------ PROVIDED MATERIAL ------

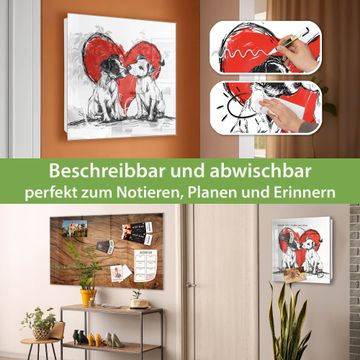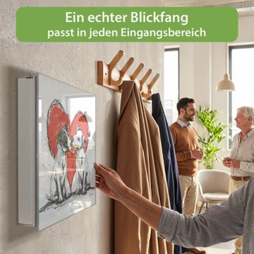 Bringe Ordnung und Eleganz in deinen Eingangsbereich mit dem banjado Schlüsselkasten Motiv Motiv Liebende Hunde. Die moderne Schlüsselbox kombiniert funktionales Design mit hochwertiger Verarbeitung und wird so zu einem echten Hingucker in Flur, Büro oder Ferienwohnung. ✅ Stilvolle Schlüsselaufbewahrung mit Glasfront im Motiv Motiv Liebende Hunde Der Design-Schlüsselkasten Motiv Motiv Liebende Hunde bietet Platz für bis zu 50 Schlüssel, die auf 5 stabilen Reihen mit je 10 Haken übersichtlich verstaut werden. Mit seinen kompakten Maßen von 30 x 30 x 5 cm passt die Schlüsselbox perfekt auch in kleinere Räume. Der weiß lackierte Stahlkorpus mit rechts angeschlagenem Türscharnier harmoniert mit der Glasfront und fügt sich nahtlos in jedes Wohnambiente ein. Ob als Schlüsselorganizer für Zuhause oder als praktische Lösung für Büros, Praxen und Gewerbe, der banjado Schlüsselkasten sorgt für Ordnung und Übersicht. Dank der magnetischen, mit Kreidestiften beschreibbaren Glasfront kannst du Notizen anheften oder Termine direkt auf der Oberfläche festhalten. Die Schlüsselbox Motiv Motiv Liebende Hunde zur Wandmontage wird inklusive Befestigungsmaterial geliefert und ist schnell angebracht. So hast du deine Schlüssel jederzeit griffbereit und zugleich stilvoll verstaut. Mit diesem banjado Schlüsselkasten Motiv Motiv Liebende Hunde kombinierst du praktische Aufbewahrung mit stilvollem Wohndesign. Ob privat oder geschäftlich, die Schlüsselbox sorgt für mehr Ordnung, Übersicht und ein wohnliches Ambiente.Vorteile im Überblick
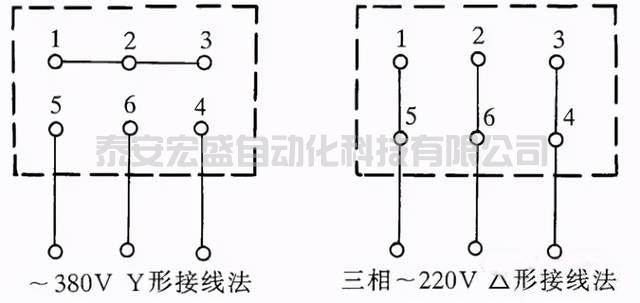 有部分三相吹風機有6個接線端子,接線方法如圖2所示。采用△形接法應接入220V三相交流電源,采用Y形接法應接入380V三相交流電源。一般3英寸、3.5英寸、4英寸、4.5英寸的型號按此法接。其他吹風機應按其銘牌上所標的接法連接。
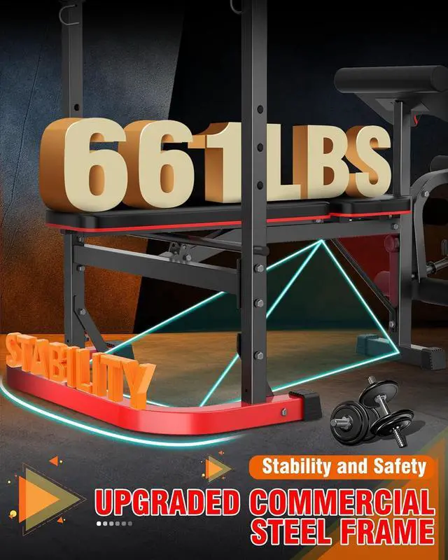 Sturdy and Stable DesignThe weight bench features a robust metal frame, ensuring overall structural stability. The U-shaped base design effectively lowers the center of gravity, reducing the risk of tipping. With a weight capacity of up to 660lbs, you can exercise safely. The rubber base at the bottom of the weight bench prevent slipping and protect the floor from scratches and wear.
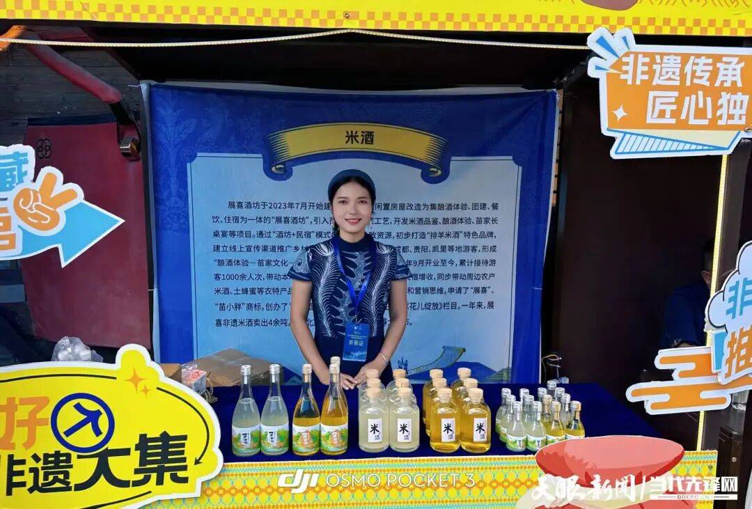 在第三届中国非物质文化遗产保护年会暨第四届丹寨非遗周上,一位身着蜡染民族服饰的姑娘格外引人注目。清脆的笑声与浓郁的酒香交织,她穿梭于展台之间,热情地向来往人群介绍面前的酸汤米酒。
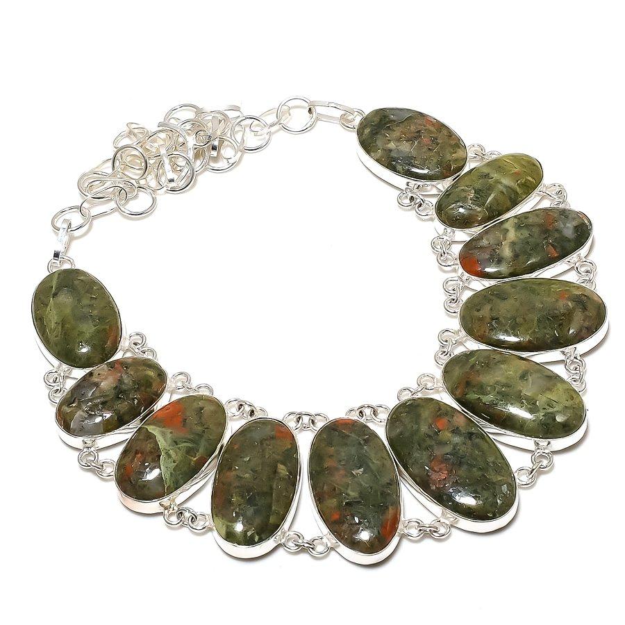Natural Unakite Gemstone Handmade 925 Sterling Silver Jewelry Necklace 18" AN-1630
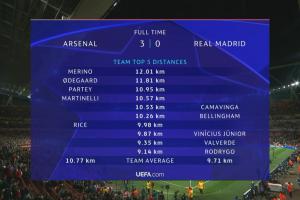 全场跑动数据:阿森纳平均比皇马多1km,前4都是枪手球员
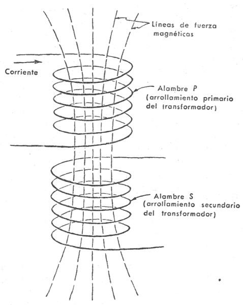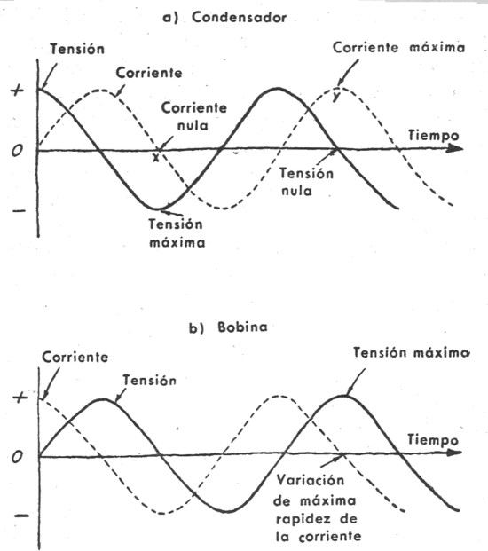 También se puede considerar todo esto de otro modo. Vimos en el capítulo 3 que la corriente de una bobina de alambre origina líneas de fuerza magnéticas que unen las vueltas de la bobina y que un campo magnético variable induce una corriente en aquélla. Cuando hacemos pasar una corriente alterna por la bobina, las variaciones en la corriente crean un campo magnético variable y éste, a su vez, induce una corriente que se opone a la corriente original. Comprobamos, entonces, que una bobina, aun cuando tenga una resistencia eléctrica despreciable, se opondrá al flujo de una corriente alterna. Esta oposición se denomina reactancia inductiva.
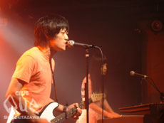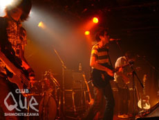 “vs”という言葉がまさにぴったりだった28日。レポート用のメモ帳も取り出せないほど混み合った会場内に、それぞれのスタイルでロックンロールを体現した2バンドが登場した。DUSKとTHE JERRY LEE PHANTOM、それぞれがお互いをリスペクトし、触発されるように素晴らしいライヴを繰り広げた。表面の感情ではなく心の底辺を吐き出すように鳴らされるDUSKの音楽世界は、静寂と激昂の両極を見せていく。マイペースなMCとは裏腹に、音楽の中の彼らは冷ややかなぐらい沸々とした感情をぶつけてくる。しかしその空気は張り詰めながらもどこか自然体だと思える不思議なものだった。対して瞬く間に会場中が揺れ動いたのはTHE JERRY LEE PHANTOMのライヴだ。音楽は聴き手が楽しもうと思えばいくらでも楽しめるもの。しかし彼らが叩き出す極上のダンス・ロック・ミュージックは、そんな聴き手の態度とは無関係に胸を熱くさせ体を揺らした。強い衝撃とにやけるほどの楽しさ。観客のモッシュの波が、こんなに当たり前で楽しそうに見えたのは久しぶりだった。音楽が、空気よりも空気らしく呼吸に入り込んでくる……。大袈裟ではなく、音楽ってなんてすげえんだ! と思う瞬間は、どんな感動よりも自らを突き動かす衝動を与えてくれる。そしてこの日空気よりも濃く会場に充満していたのは、そんな音楽に突き動かされたあらゆる人々の衝動のパワーだ。"RETURN TO NATURAL 2003 CLUB Que 夏ノ陣" "2003 VS SERIES" THE JERRY LEE PHANTOM vs DUSK

------

* WHAT THE TASK ASKS:
An exact repetition of all the records above is required, excluding the pictures.

* SOLUTION:
 Bringe Ordnung und Eleganz in deinen Eingangsbereich mit dem banjado Schlüsselkasten Motiv Motiv Liebende Hunde. Die moderne Schlüsselbox kombiniert funktionales Design mit hochwertiger Verarbeitung und wird so zu einem echten Hingucker in Flur, Büro oder Ferienwohnung. ✅ Stilvolle Schlüsselaufbewahrung mit Glasfront im Motiv Motiv Liebende Hunde Der Design-Schlüsselkasten Motiv Motiv Liebende Hunde bietet Platz für bis zu 50 Schlüssel, die auf 5 stabilen Reihen mit je 10 Haken übersichtlich verstaut werden. Mit seinen kompakten Maßen von 30 x 30 x 5 cm passt die Schlüsselbox perfekt auch in kleinere Räume. Der weiß lackierte Stahlkorpus mit rechts angeschlagenem Türscharnier harmoniert mit der Glasfront und fügt sich nahtlos in jedes Wohnambiente ein. Ob als Schlüsselorganizer für Zuhause oder als praktische Lösung für Büros, Praxen und Gewerbe, der banjado Schlüsselkasten sorgt für Ordnung und Übersicht. Dank der magnetischen, mit Kreidestiften beschreibbaren Glasfront kannst du Notizen anheften oder Termine direkt auf der Oberfläche festhalten. Die Schlüsselbox Motiv Motiv Liebende Hunde zur Wandmontage wird inklusive Befestigungsmaterial geliefert und ist schnell angebracht. So hast du deine Schlüssel jederzeit griffbereit und zugleich stilvoll verstaut. Mit diesem banjado Schlüsselkasten Motiv Motiv Liebende Hunde kombinierst du praktische Aufbewahrung mit stilvollem Wohndesign. Ob privat oder geschäftlich, die Schlüsselbox sorgt für mehr Ordnung, Übersicht und ein wohnliches Ambiente.Vorteile im Überblick
 有部分三相吹風機有6個接線端子,接線方法如圖2所示。采用△形接法應接入220V三相交流電源,采用Y形接法應接入380V三相交流電源。一般3英寸、3.5英寸、4英寸、4.5英寸的型號按此法接。其他吹風機應按其銘牌上所標的接法連接。
 Sturdy and Stable DesignThe weight bench features a robust metal frame, ensuring overall structural stability. The U-shaped base design effectively lowers the center of gravity, reducing the risk of tipping. With a weight capacity of up to 660lbs, you can exercise safely. The rubber base at the bottom of the weight bench prevent slipping and protect the floor from scratches and wear.
 在第三届中国非物质文化遗产保护年会暨第四届丹寨非遗周上,一位身着蜡染民族服饰的姑娘格外引人注目。清脆的笑声与浓郁的酒香交织,她穿梭于展台之间,热情地向来往人群介绍面前的酸汤米酒。
Natural Unakite Gemstone Handmade 925 Sterling Silver Jewelry Necklace 18" AN-1630
 全场跑动数据:阿森纳平均比皇马多1km,前4都是枪手球员
 También se puede considerar todo esto de otro modo. Vimos en el capítulo 3 que la corriente de una bobina de alambre origina líneas de fuerza magnéticas que unen las vueltas de la bobina y que un campo magnético variable induce una corriente en aquélla. Cuando hacemos pasar una corriente alterna por la bobina, las variaciones en la corriente crean un campo magnético variable y éste, a su vez, induce una corriente que se opone a la corriente original. Comprobamos, entonces, que una bobina, aun cuando tenga una resistencia eléctrica despreciable, se opondrá al flujo de una corriente alterna. Esta oposición se denomina reactancia inductiva.
 “vs”という言葉がまさにぴったりだった28日。レポート用のメモ帳も取り出せないほど混み合った会場内に、それぞれのスタイルでロックンロールを体現した2バンドが登場した。DUSKとTHE JERRY LEE PHANTOM、それぞれがお互いをリスペクトし、触発されるように素晴らしいライヴを繰り広げた。表面の感情ではなく心の底辺を吐き出すように鳴らされるDUSKの音楽世界は、静寂と激昂の両極を見せていく。マイペースなMCとは裏腹に、音楽の中の彼らは冷ややかなぐらい沸々とした感情をぶつけてくる。しかしその空気は張り詰めながらもどこか自然体だと思える不思議なものだった。対して瞬く間に会場中が揺れ動いたのはTHE JERRY LEE PHANTOMのライヴだ。音楽は聴き手が楽しもうと思えばいくらでも楽しめるもの。しかし彼らが叩き出す極上のダンス・ロック・ミュージックは、そんな聴き手の態度とは無関係に胸を熱くさせ体を揺らした。強い衝撃とにやけるほどの楽しさ。観客のモッシュの波が、こんなに当たり前で楽しそうに見えたのは久しぶりだった。音楽が、空気よりも空気らしく呼吸に入り込んでくる……。大袈裟ではなく、音楽ってなんてすげえんだ! と思う瞬間は、どんな感動よりも自らを突き動かす衝動を与えてくれる。そしてこの日空気よりも濃く会場に充満していたのは、そんな音楽に突き動かされたあらゆる人々の衝動のパワーだ。"RETURN TO NATURAL 2003 CLUB Que 夏ノ陣" "2003 VS SERIES" THE JERRY LEE PHANTOM vs DUSK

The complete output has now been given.